Perilaku seks antarlelaki ini, dikatakannya, telah menyasar hampir semua kalangan, pegawai swasta, ASN (pegawai pemerintahan), buruh pabrik hingga pelajar dan mahasiswa.

“Hal ini tentu harus menjadi perhatian semua pihak. Pasalnya, ada kasus pelajar yang jadi LSL lebih karena tuntutan gaya hidup, dijanjikan dibelikan handphone atau diiming-imingi materi lainnya,” ujarnya.

Sekretaris Komisi Penanggulangan Aids Kabupaten Cianjur, Hilman menambahkan, jumlah ODHA dari kalangan LSL di Kabupaten Cianjur cukup masif. Setiap bulannya selalu saja ada temuan kasus baru.

“Rata-rata mereka usia produktif, 17 hingga 35 tahun. Malah ada yang masih berstatus pelajar SMP, namun persentasenya kecil,” kata Hilman.

Pihaknya mengaku kesulitan untuk menekan dan mencegah penyebaran HIV/AIDS di kalangan LSL karena keberadaannya yang sulit dideteksi.

“Soalnya mereka tidak menegaskan diri dari segi penampilan, malah di antara mereka ada juga yang punya istri dan anak.

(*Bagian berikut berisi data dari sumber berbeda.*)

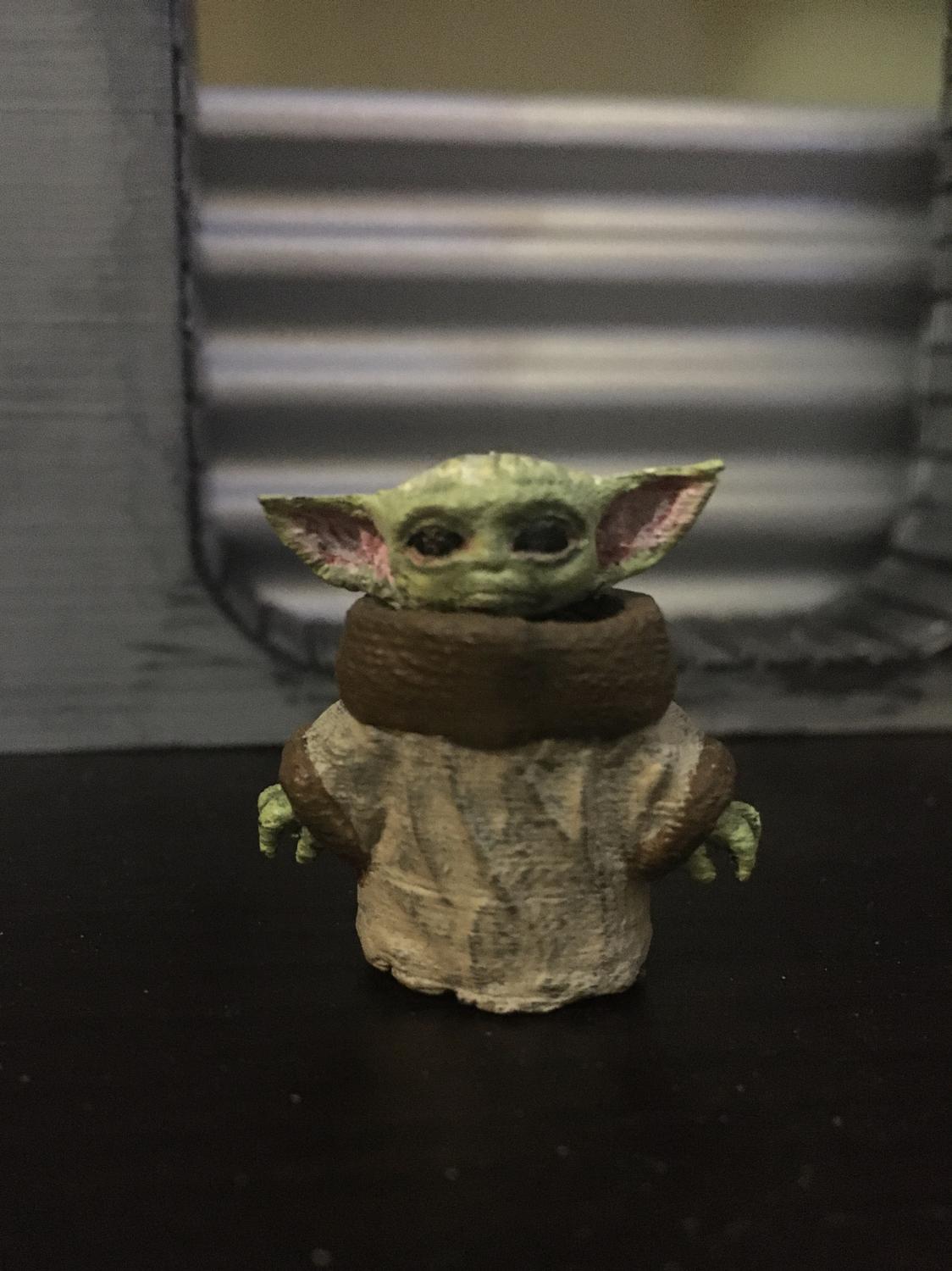 3d printed model of the child (baby yoda for now as we know it) scaled down, sanded and painted with custom clear stand
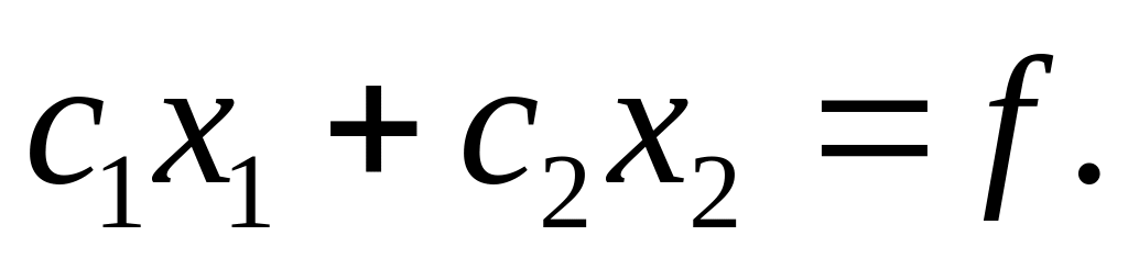 Выберем произвольное значение целевой функции f=f0 , например f0 =0. Получим c1x1+c2x2=f0 . Это уравнение прямой линии MN. В точках прямой MN целевая функция сохраняет одно и то же постоянное значение f0.
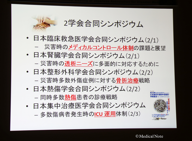 また、災害時の医療を担うのは医療従事者と関連機関のすべてです。つまり、災害医療を専門とする者だけではなく、すべての医療従事者が災害時の医療について考える必要があります。そこで、本学会では一般的な診療を行う他学会と合同シンポジウムを予定しており、さまざまな観点から災害時の医療について考察する機会を設けています。
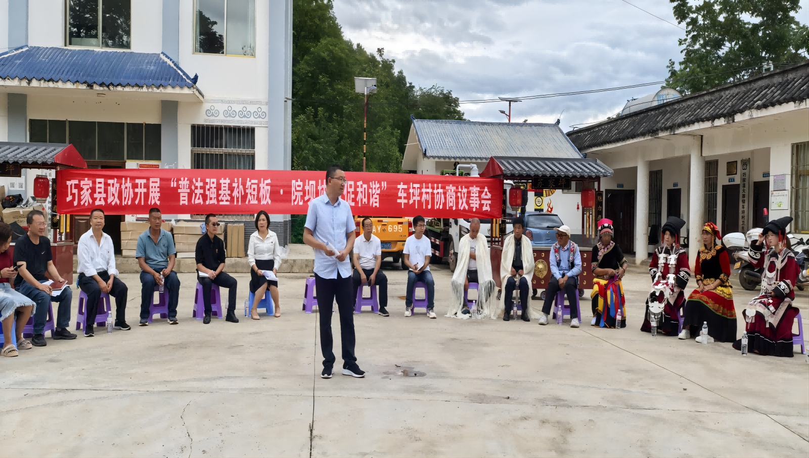 6月28日,巧家县政协在大寨镇车坪村开展以“普法强基补短板·院坝协商促和谐”为议题的协商活动,深入贯彻党的二十大精神,推动政协协商与基层协商有效衔接,着力打通院坝协商“最后一公里”,发挥好政协在基层社会治理中的职能作用,让院坝协商成为政协履职的创新载体。
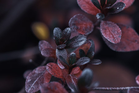 Mess of blurred and focus berberis thunbergii branches with dark red leaves. Atmospheric ruby color autumn background with blur place for text
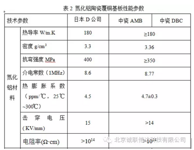 表2为两类氮化铝陶瓷覆铜基板性能比对,可以看出,AMB工艺相比于DBC工艺具有更高的可靠性和更好的综合性能。

Namun, suka melakukan aktivitas seks antarlelaki, termasuk juga dengan waria,” ucapnya.

Selain seks antarlelaki, sambung Hilman, seks bebas dengan gonta-ganti pasangan menjadi penyebab dominan lainnya penyebaran penyakit yang menyerang sistem kekebalan tubuh tersebut di Kabupaten Cianjur.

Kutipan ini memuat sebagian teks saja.